------ INFORMATION SHOWN

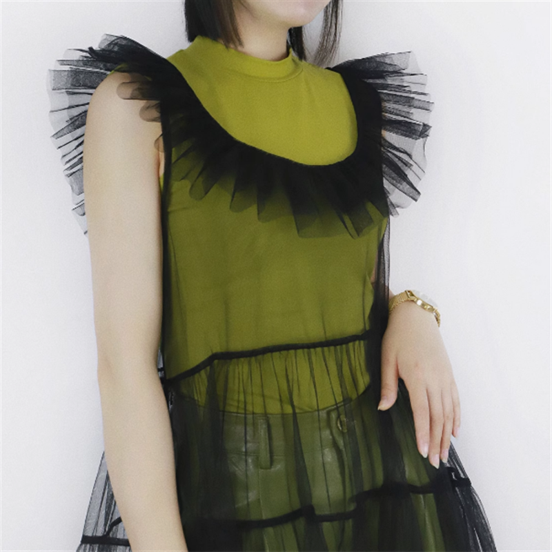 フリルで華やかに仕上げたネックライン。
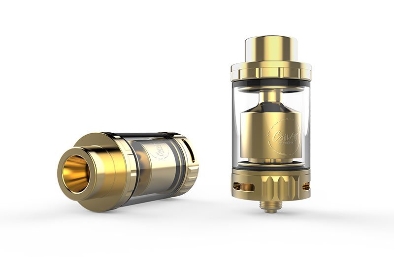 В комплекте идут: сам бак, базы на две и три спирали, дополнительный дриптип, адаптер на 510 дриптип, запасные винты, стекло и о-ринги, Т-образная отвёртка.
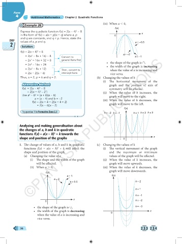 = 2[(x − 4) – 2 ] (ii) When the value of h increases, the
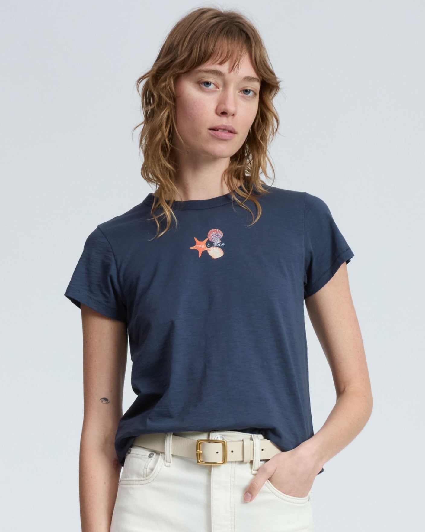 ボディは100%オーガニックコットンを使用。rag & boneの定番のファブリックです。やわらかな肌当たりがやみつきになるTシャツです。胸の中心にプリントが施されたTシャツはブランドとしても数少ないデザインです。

------------

Reproduce word for word only the lines between the line containing "h increases, the" and the end of the listing above, both included, and drop any pictures.

 = 2[(x − 4) – 2 ] (ii) When the value of h increases, the
 ボディは100%オーガニックコットンを使用。rag & boneの定番のファブリックです。やわらかな肌当たりがやみつきになるTシャツです。胸の中心にプリントが施されたTシャツはブランドとしても数少ないデザインです。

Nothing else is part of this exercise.